Set down, please, the line that contains "Openwork bracelet made" and every line that follows it to the end of the records, exactly; do not include pictures.
---- Input records
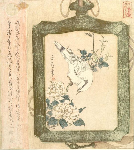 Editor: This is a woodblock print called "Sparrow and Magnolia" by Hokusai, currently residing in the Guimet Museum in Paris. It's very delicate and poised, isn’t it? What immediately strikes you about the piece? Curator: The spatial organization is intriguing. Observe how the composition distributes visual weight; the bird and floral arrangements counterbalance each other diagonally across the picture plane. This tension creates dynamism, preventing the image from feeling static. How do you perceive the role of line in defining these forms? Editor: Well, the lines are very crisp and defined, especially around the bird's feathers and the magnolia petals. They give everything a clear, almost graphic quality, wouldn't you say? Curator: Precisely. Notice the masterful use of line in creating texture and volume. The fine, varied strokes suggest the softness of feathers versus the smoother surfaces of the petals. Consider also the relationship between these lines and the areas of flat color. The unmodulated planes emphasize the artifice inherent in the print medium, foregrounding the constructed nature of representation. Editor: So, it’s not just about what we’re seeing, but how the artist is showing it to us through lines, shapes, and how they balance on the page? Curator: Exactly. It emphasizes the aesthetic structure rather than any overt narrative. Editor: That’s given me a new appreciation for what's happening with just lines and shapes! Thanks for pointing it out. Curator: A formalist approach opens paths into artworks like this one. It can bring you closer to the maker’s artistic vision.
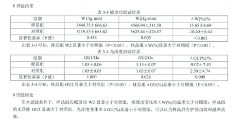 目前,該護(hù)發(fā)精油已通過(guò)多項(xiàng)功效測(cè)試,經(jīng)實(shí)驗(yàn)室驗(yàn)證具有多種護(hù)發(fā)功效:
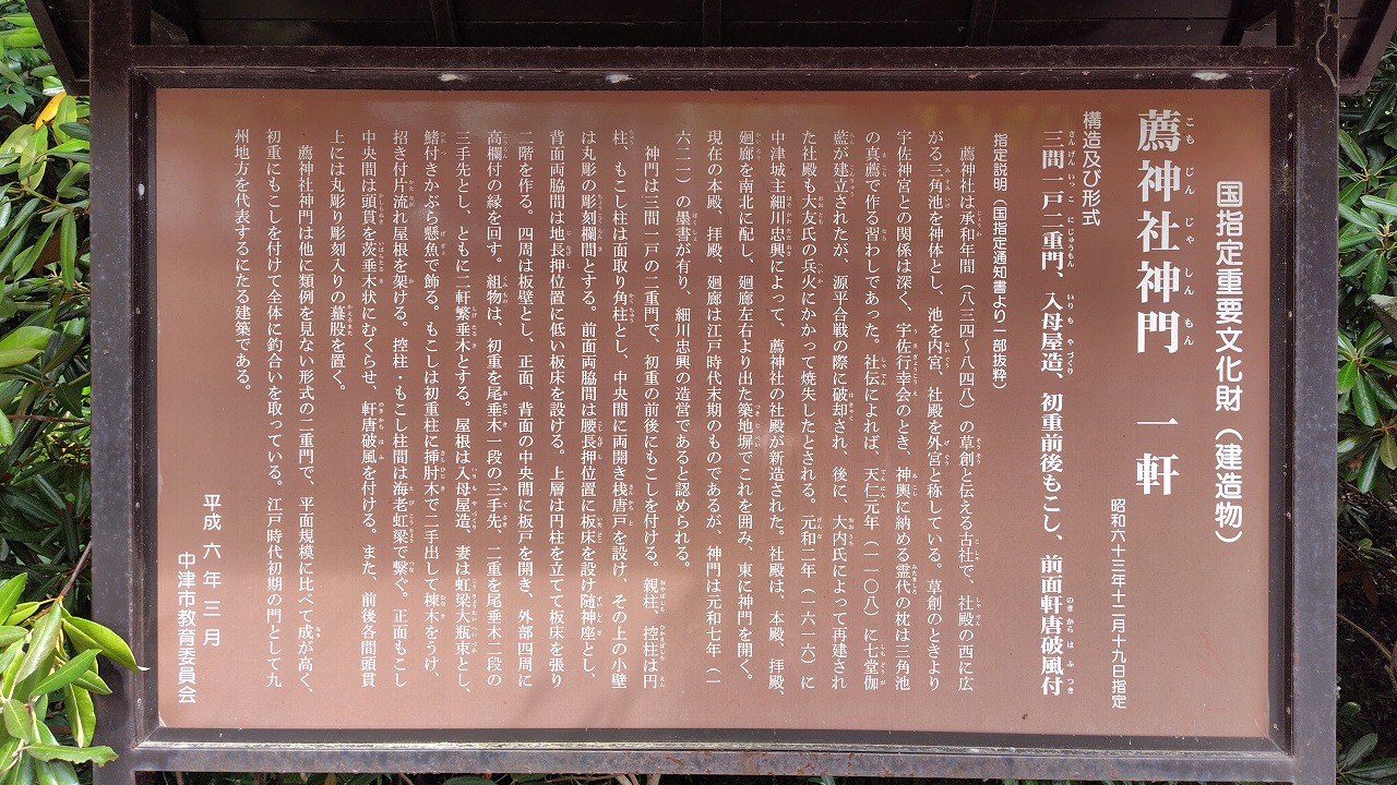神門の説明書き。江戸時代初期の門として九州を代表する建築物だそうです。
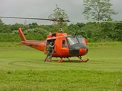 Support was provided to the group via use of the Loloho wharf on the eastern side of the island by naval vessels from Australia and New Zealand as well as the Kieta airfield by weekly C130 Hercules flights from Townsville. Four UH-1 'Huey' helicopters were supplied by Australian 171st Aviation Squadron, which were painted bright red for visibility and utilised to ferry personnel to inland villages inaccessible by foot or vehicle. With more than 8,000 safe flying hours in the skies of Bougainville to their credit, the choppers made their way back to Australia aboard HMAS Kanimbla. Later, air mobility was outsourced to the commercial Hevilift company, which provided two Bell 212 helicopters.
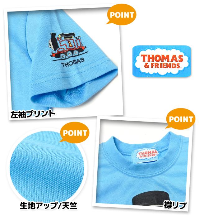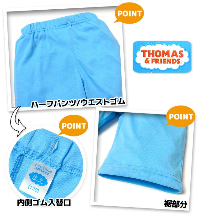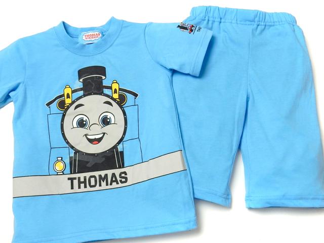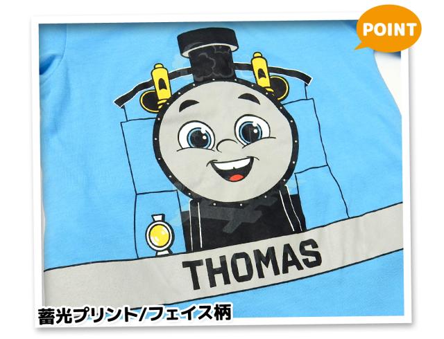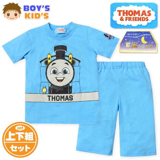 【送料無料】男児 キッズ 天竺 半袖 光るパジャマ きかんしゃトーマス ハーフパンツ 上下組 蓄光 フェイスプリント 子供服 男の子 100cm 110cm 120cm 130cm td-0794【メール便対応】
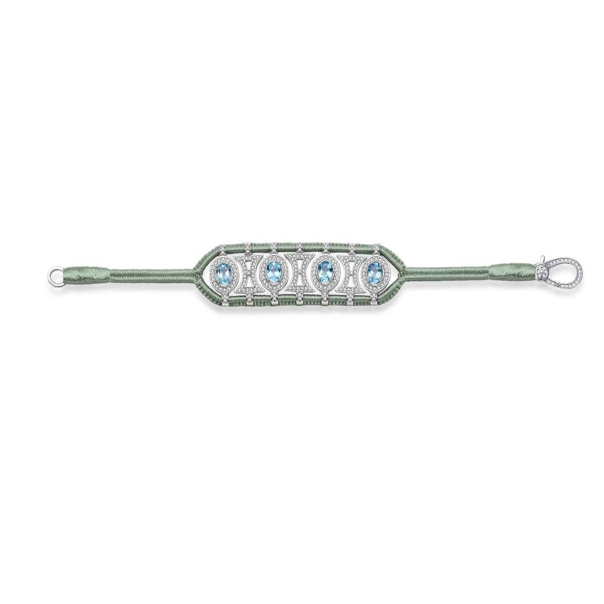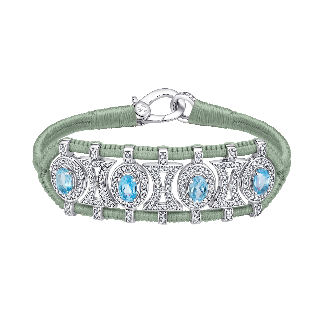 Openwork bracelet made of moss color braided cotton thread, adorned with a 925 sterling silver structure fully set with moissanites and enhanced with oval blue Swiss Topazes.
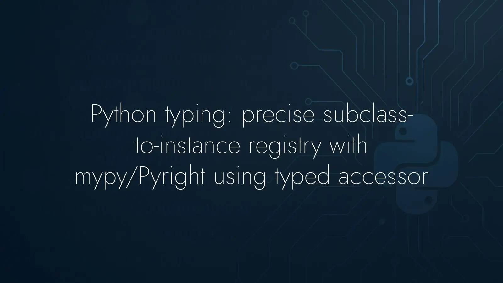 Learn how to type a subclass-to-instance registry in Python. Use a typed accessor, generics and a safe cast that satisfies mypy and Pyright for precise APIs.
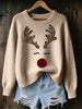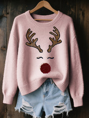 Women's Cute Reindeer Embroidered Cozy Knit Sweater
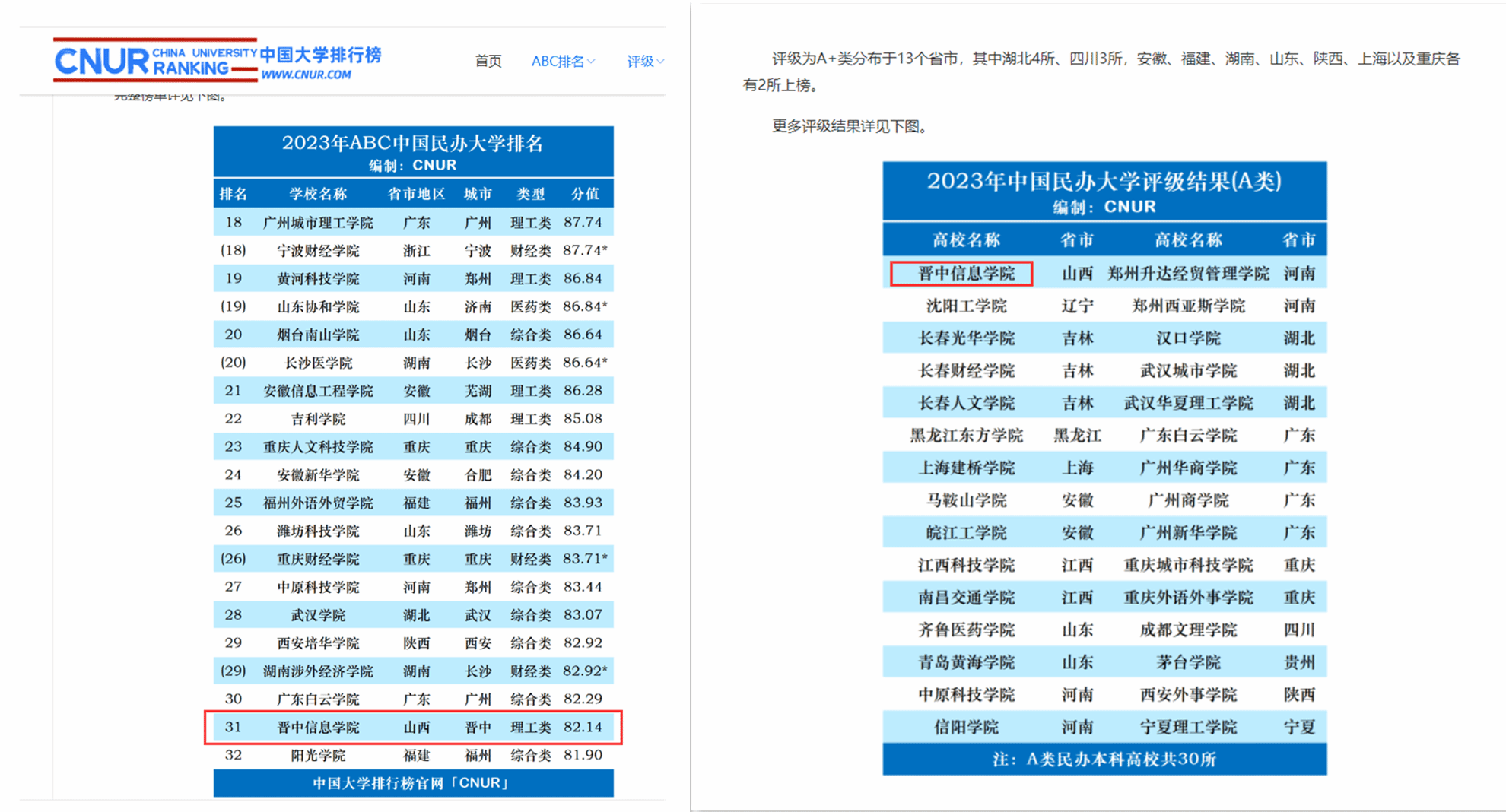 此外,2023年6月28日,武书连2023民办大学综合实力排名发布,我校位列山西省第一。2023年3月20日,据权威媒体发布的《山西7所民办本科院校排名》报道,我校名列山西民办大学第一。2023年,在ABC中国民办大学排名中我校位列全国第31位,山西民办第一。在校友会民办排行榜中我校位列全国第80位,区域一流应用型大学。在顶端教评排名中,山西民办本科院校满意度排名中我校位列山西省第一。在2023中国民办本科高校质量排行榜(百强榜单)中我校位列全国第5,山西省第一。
--------
Answer section
 Openwork bracelet made of moss color braided cotton thread, adorned with a 925 sterling silver structure fully set with moissanites and enhanced with oval blue Swiss Topazes.
 Learn how to type a subclass-to-instance registry in Python. Use a typed accessor, generics and a safe cast that satisfies mypy and Pyright for precise APIs.
 Women's Cute Reindeer Embroidered Cozy Knit Sweater
 此外,2023年6月28日,武书连2023民办大学综合实力排名发布,我校位列山西省第一。2023年3月20日,据权威媒体发布的《山西7所民办本科院校排名》报道,我校名列山西民办大学第一。2023年,在ABC中国民办大学排名中我校位列全国第31位,山西民办第一。在校友会民办排行榜中我校位列全国第80位,区域一流应用型大学。在顶端教评排名中,山西民办本科院校满意度排名中我校位列山西省第一。在2023中国民办本科高校质量排行榜(百强榜单)中我校位列全国第5,山西省第一。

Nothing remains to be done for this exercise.